Representations & Warranties.
- Mutual Warranties. Each party represents and warrants that it: (i) has the legal power and authority to enter into this Agreement; and (ii) will comply with all applicable laws that apply to its performance under this Agreement.

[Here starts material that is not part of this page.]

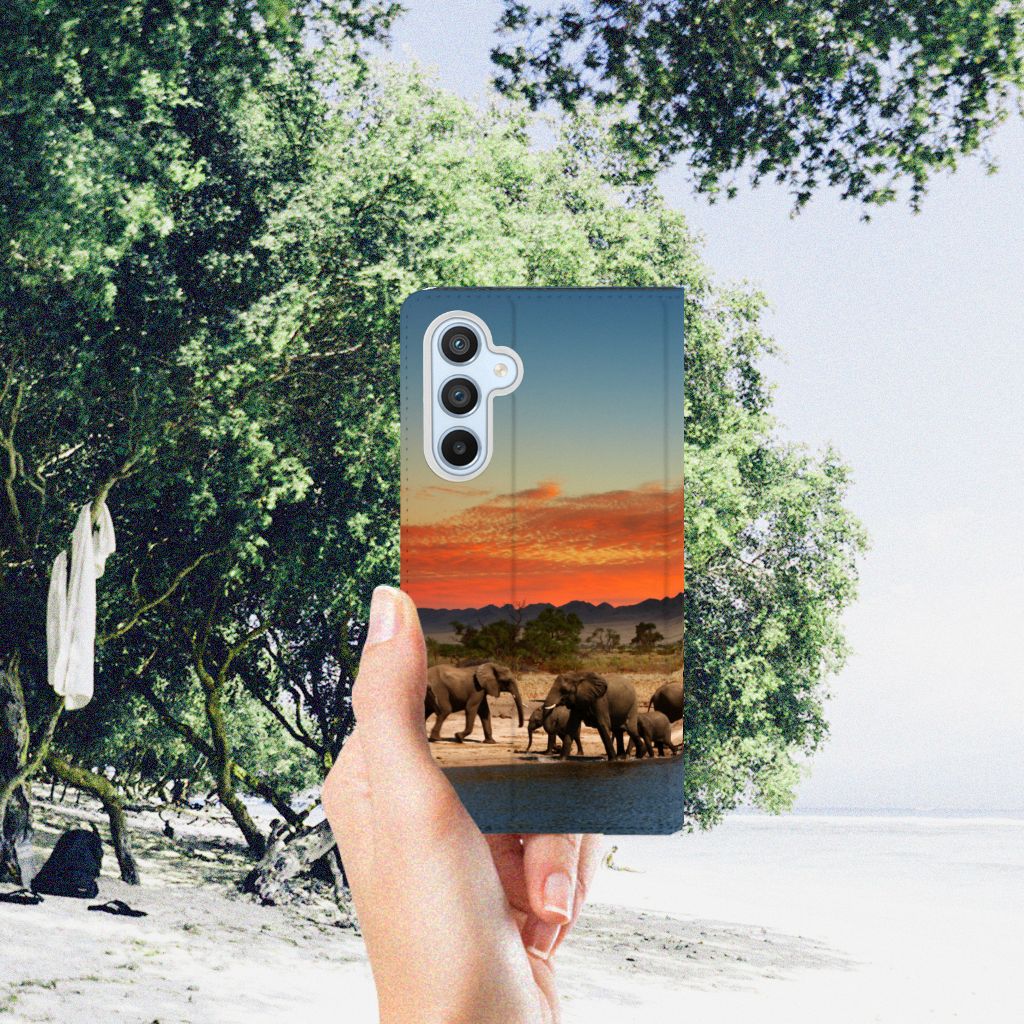 Dit hoesje is zo sterk als een olifant. Dat is goed nieuws, want jouw telefoon heeft een zeer goede bescherming nodig. Dat krijg je met dit design hoesje met print van Olifanten. De Afrikaanse olifant, het allergrootste landdier ter wereld, heeft waarschijnlijk het meest te lijden gehad van stroperij om het ivoor. Deze dieren verdienen dus een goede bescherming, net als jouw smartphone. Met een Samsung Galaxy A54 Hoesje maken met olifant erop krijg je dit zeker voor elkaar. De stand case beschermt alle zijden van je telefoon en heeft aan de binnenzijde een vakje waarin je een pasje kunt opbergen. De sterke olifant komt zeer goed tot zijn recht op deze case, die aan de binnenkant een houder heeft van tpu. Ook de magneet aan de binnenkant is zeer handig. Alle zijden van de case worden bedrukt met olifanten.
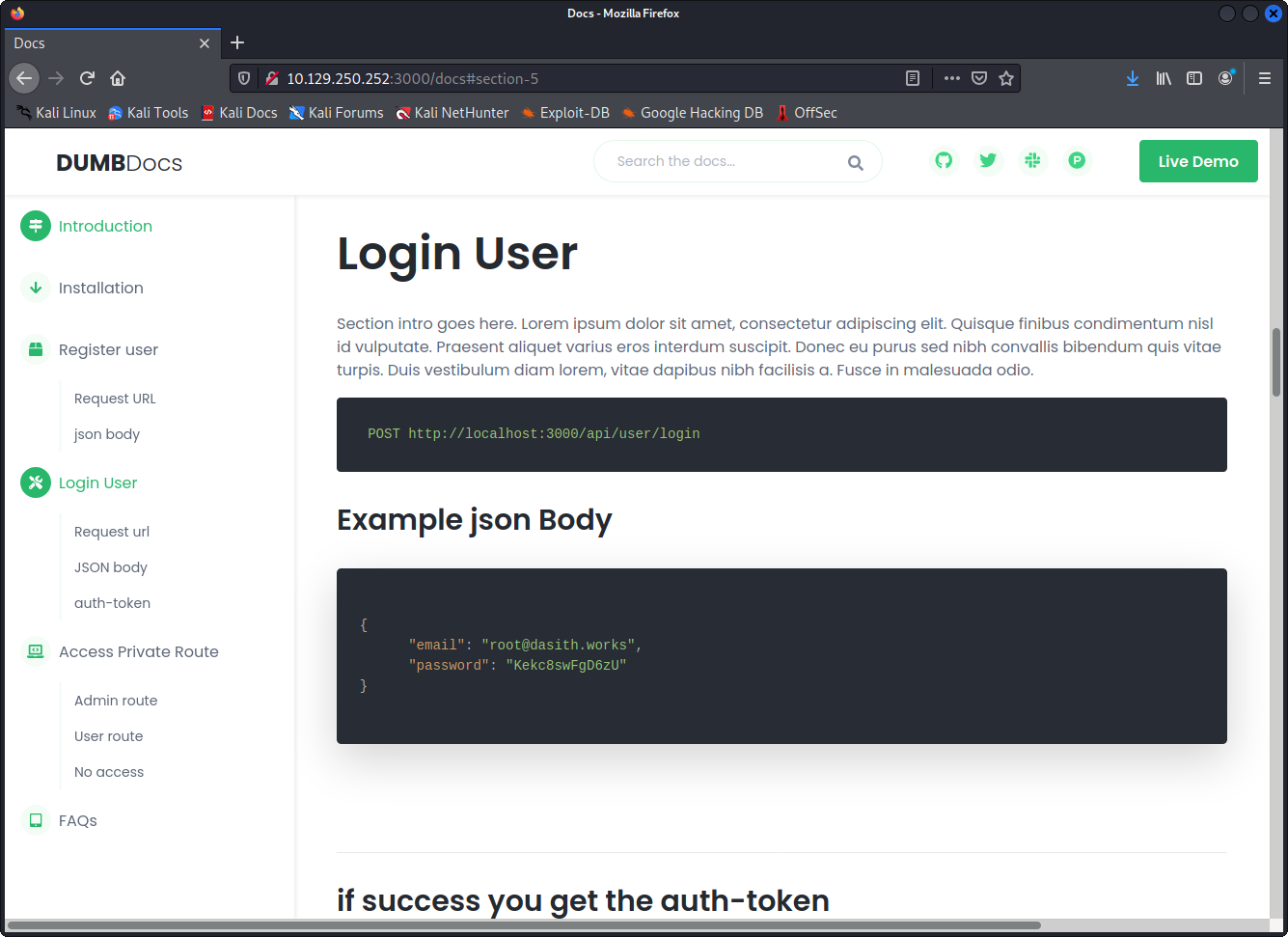 We all like when a box is as realistic and close to reall world as possible, I do not concider the path to user real world like. It´s a bit strange but still good things to learn about like JWT and understanding the anatomy of a NodeJS application.

- Client Representations and Warranties. Client represents and warrants it has all rights necessary to: (i) transfer Client Data to SecurityPal as required hereunder whether directly or via the Software and/or Services; and (ii) grant the licensed and rights to SecurityPal in and to Client Data as specified in this Agreement.
- Disclaimers. WITH THE EXCEPTION OF THE LIMITED WARRANTIES SET FORTH IN THIS SECTION 9, THE SERVICES AND SOFTWARE ARE PROVIDED "AS IS" TO THE FULLEST EXTENT PERMITTED BY LAW. SECURITYPAL AND ITS LICENSORS EXPRESSLY DISCLAIM ALL OTHER WARRANTIES, EXPRESS OR IMPLIED, INCLUDING WARRANTIES OF PERFORMANCE, MERCHANTABILITY, FITNESS FOR ANY PARTICULAR PURPOSES, AND NON-INFRINGEMENT. SECURITYPAL DOES NOT WARRANT THAT THE SOFTWARE OR SERVICES: (I) ARE ERROR-FREE; (II) WILL PERFORM UNINTERRUPTED; OR (III) WILL MEET CLIENT’S REQUIREMENTS.
1. Indemnification by SecurityPal. SecurityPal will defend Client, and its Affiliates, against any claim, demand, suit or proceeding made or brought against Client by a third party, and will indemnify Client from any damages, reasonable attorney fees and costs, finally awarded to the third party claimant by a court of competent jurisdiction, or for any settlement approved in writing signed by an authorized officer of SecurityPal, alleging the Software and/or the Services (together, the “SecurityPal Assets”) infringe or misappropriate such third party's United States or European intellectual property rights.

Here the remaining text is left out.